About one-third of the economists polled actually believe AI could push the Fed to raise the neutral rate slightly. That completely undercuts Kevin’s suggestion that technology alone can justify lower rates.

Kevin’s bet on AI comes as he tries to win over the rest of the Federal Open Market Committee (FOMC), the rate-setting body. That won’t be easy. Many inside the Fed, including Vice Chair for Monetary Policy Philip Jefferson, have warned that AI could temporarily raise inflation by increasing demand.

“Even if AI ultimately succeeds in greatly enhancing the productive capacity of the economy,” Jefferson said at a Brookings event, “a more immediate increase in demand associated with AI-related activity could raise inflation temporarily,” especially as data centers and other infrastructure projects ramp up.

That puts Kevin in a tough spot. Trump wants aggressive rate cuts before the November midterms, but the Fed itself is forecasting just one 0.25% cut this year.

That leaves the main policy rate stuck above 3.25%, far above the 1% level Trump has said the economy needs. Convincing the FOMC to back a rapid loosening based on AI optimism alone looks like a losing battle.

Warsh’s balance sheet plan adds to the tension

Warsh has also taken aim at the Fed’s balance sheet, calling it “bloated” and pushing to shrink it further. This is another spot where he could clash with current Fed officials.

The FOMC just ended its three-year “quantitative tightening” effort, which cut the central bank’s asset stockpile from nearly $9 trillion to $6.6 trillion.

Trying to force more cuts could rattle bond markets and drive up long-term borrowing costs, including mortgage rates, right when housing affordability is already a political hot button.

Despite that risk, more than three-quarters of the economists polled say they want the balance sheet below $6 trillion within two years. Karen Dynan of Harvard says shrinking it “somewhat further is not unreasonable if done on a conditional basis,” meaning only if markets stay stable and liquidity doesn’t dry up.

Still, the idea that Kevin wants to slash short-term rates while also cutting the balance sheet has people scratching their heads. It’s a strange mix of dovish on rates and hawkish on assets, and it’s not clear how that would work. “Uncertainty abounds,” said Jane Ryngaert from Notre Dame. “It’s hard to say much about anything.”

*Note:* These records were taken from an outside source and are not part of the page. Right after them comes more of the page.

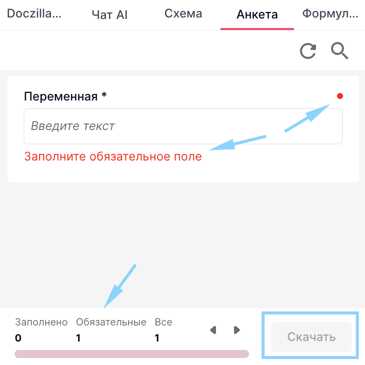 (12) Обязательное поле - если параметр включен, то поле в анкете обязательно для заполнения, в противном случае документ скачать не получится. На обязательность поля указывает красная точка около переменной, а при клике на поле переменной появляется дополнительная надпись.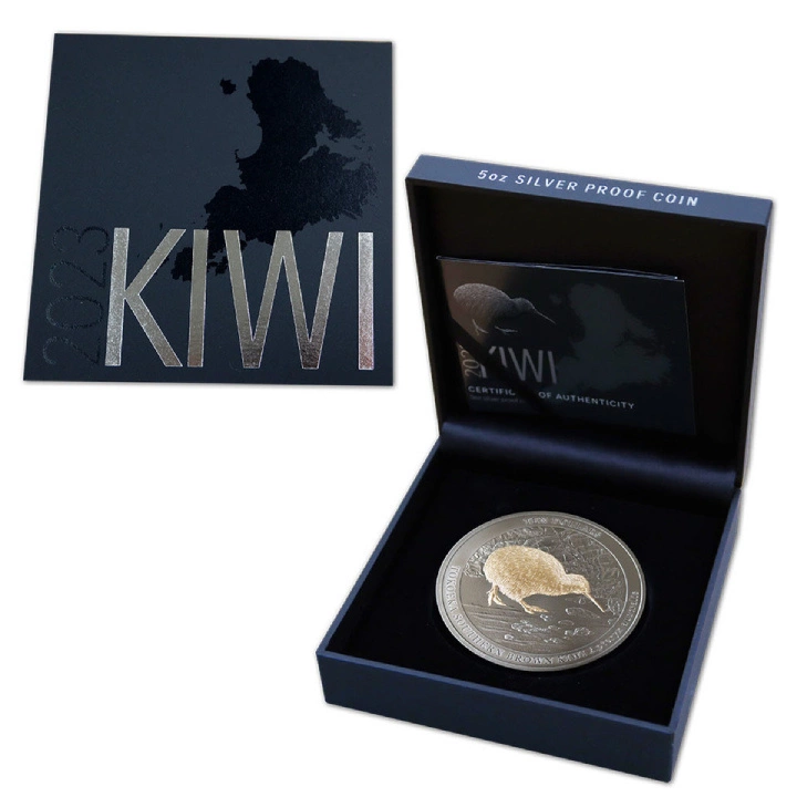 La pièce de collection Kiwi plaquée or 5 onces d'argent 2023 Black Proof est une pièce unique issue de la série limitée Kiwi émise depuis 2004. Le produit de 2023 représente le kiwi du sud de la famille « Apteryx australis ». Cette espèce est présente notamment sur l'île Stewart, dans le Fiordland. Elle se caractérise par un plumage gris-brun avec des plumes rayées longitudinalement. La pièce est frappée en argent pur Ag.999, pèse 5 onces troy et mesure 65 mm de diamètre. Elle est fabriquée en black proof par BH Mayer's Kunstprägeanstalt GmbH, à la demande de la New Zealand Post. La pièce est plaquée en or jaune. De plus, le Kiwi 2023 est frappé en édition limitée à seulement 300 exemplaires. Chaque pièce est livrée dans un étui exclusif. L'avers de la pièce est orné du portrait de la reine Elizabeth II. Il comporte également la date d'émission, le pays émetteur, le poids et la pureté du métal. Le designer de l'avers est Ian Rank-Broadley. Le revers représente un kiwi plaqué or sur une plage parmi des rochers. Le revers comporte également l'inscription « TOKOEKA SOUTHERN BROWN KIWI APTERYX AUSTRALIS » et la valeur nominale de la pièce. Le designer du revers est Stephen Fuller.Designer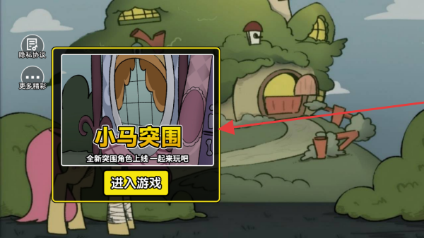 2、看到“小馬突圍”新角色上線提示,點擊【進入游戲】,體驗全新角色的玩法和特色。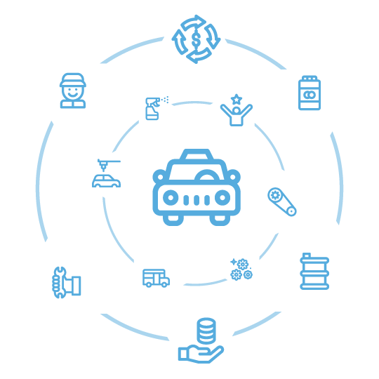 Trabalhamos com produtos para manutenção do motor como aditivos de radiador e desengripante em geral, e também com produtos para limpeza e conservação do automóvel como silicones.

Others say the whole situation could go in either direction. Robert Barbera, another economist at Johns Hopkins, laid out two extreme possibilities:

“The AI boom may generate a booming economy, shrinking budget deficits, higher neutral interest rates and comfortable shrinkage of the Fed’s balance sheet. Or we may experience a financial market crack-up, a deep recession, a dramatic rise for deficits, eliciting a return to zero short rates, a swoon for the dollar, and demands for another big dose of [balance sheet expansion].”

Lastly, Kevin’s backing of bank deregulation, also a Trump priority, isn’t sitting well with most economists either. Just over 60% said loosening financial rules would have little to no benefit for short-term growth and could make another financial crisis more likely.